The meat of sexually mature boars is more at risk, but as most male pigs are taken off to pork or bacon before the pig reaches full sexual maturity, it is highly unlikely to be a problem.  Fully mature (retired) boars are culled and their meat generally goes abroad to be made into Belgium Pate or Italian Salami, as there is a much higher risk of taint in those types of boar.
No research on smallholding pigs has been done to our knowledge, but at Oaklands Pigs we generally fatten male pigs (entire boars will grow about 20% faster than gilts) and in many years of selling weaners (400-500 weaners a year) we know of no-one directly who has come across this problem.  Indeed we have on several occasions used 10-12 month old boars to get first time gilts pregnant and then taken the boar off for meat without any issues, as a boar used once or twice is not what we class as sexually active.

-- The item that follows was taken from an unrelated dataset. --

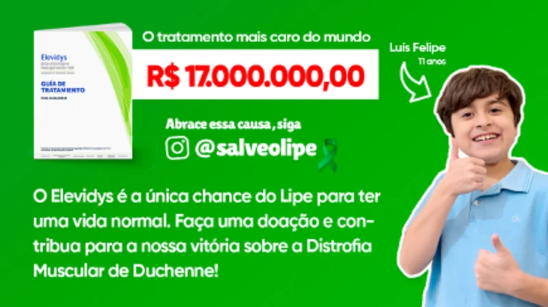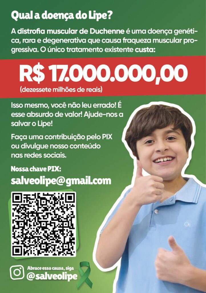 Mas ainda há esperança. Um medicamento chamado Elevidys pode mudar o destino do Lipe. É a única alternativa com potencial de interromper o avanço da doença. Porém, essa esperança tem um preço cruel: R$17.000.000,00 (dezessete milhões de reais). Sim, é um valor inacessível para qualquer família — mas não é impossível se todos nós nos unirmos.

So personally given a choice we would take boars for fattening, and many families want boars, as they would be too tempted to keep a gilt for maybe breeding later on, but know boars will have to go ! !"
"Perfect Pigs" the complete guide to keeping pigs; One Day Pig Courses in South East;
Weaners for sale - Visit our site for details


  • Joined Sep 2013
Re: boar taint
« Reply #20 on: November 06, 2013, 09:28:41 pm »

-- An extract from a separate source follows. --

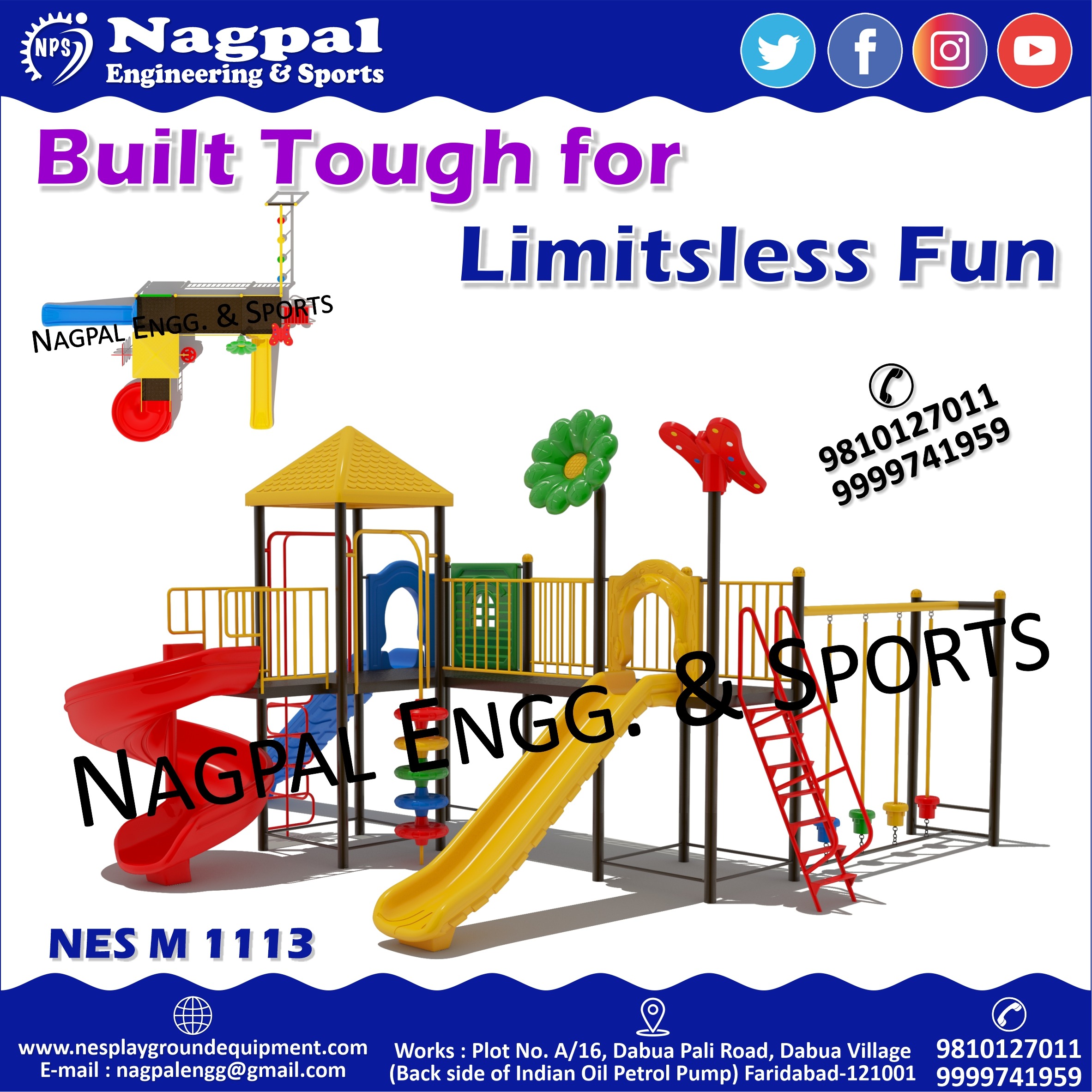 #PlaygroundEquipment #NPS #NagpalEngineering #OutdoorPlay #SchoolFurniture #IndiaBusiness #LandscapeArchitecture #SchoolInfrastructure #PlaygroundSafety #NagpalSports #B2BManufacturing #Multiplaysystem #Swing #SpiralSlide #Slide #MerryGoRound #Seesaw #Faridabad #Delhi #Noida #Ghaziabad #Palwal #Agra #Dwarka #Sonipat

some very interesting replys.thankyou all very much.ill be sending the boars off at 6 months so by the sound of it they will be fine :thumbsup:


  • Joined Oct 2013
Re: boar taint
« Reply #21 on: November 07, 2013, 01:39:02 pm »
That article excerpt is great - we have kept boar weaners ay past 28 weeks, with no problems - it causes more problem in mixed herds or having girls close y. Once they realise they have testosterone and know what to do with it, that's when it starts causing the taint.

I think that is has become more of an issue in theory than in practice, if you know what I mean.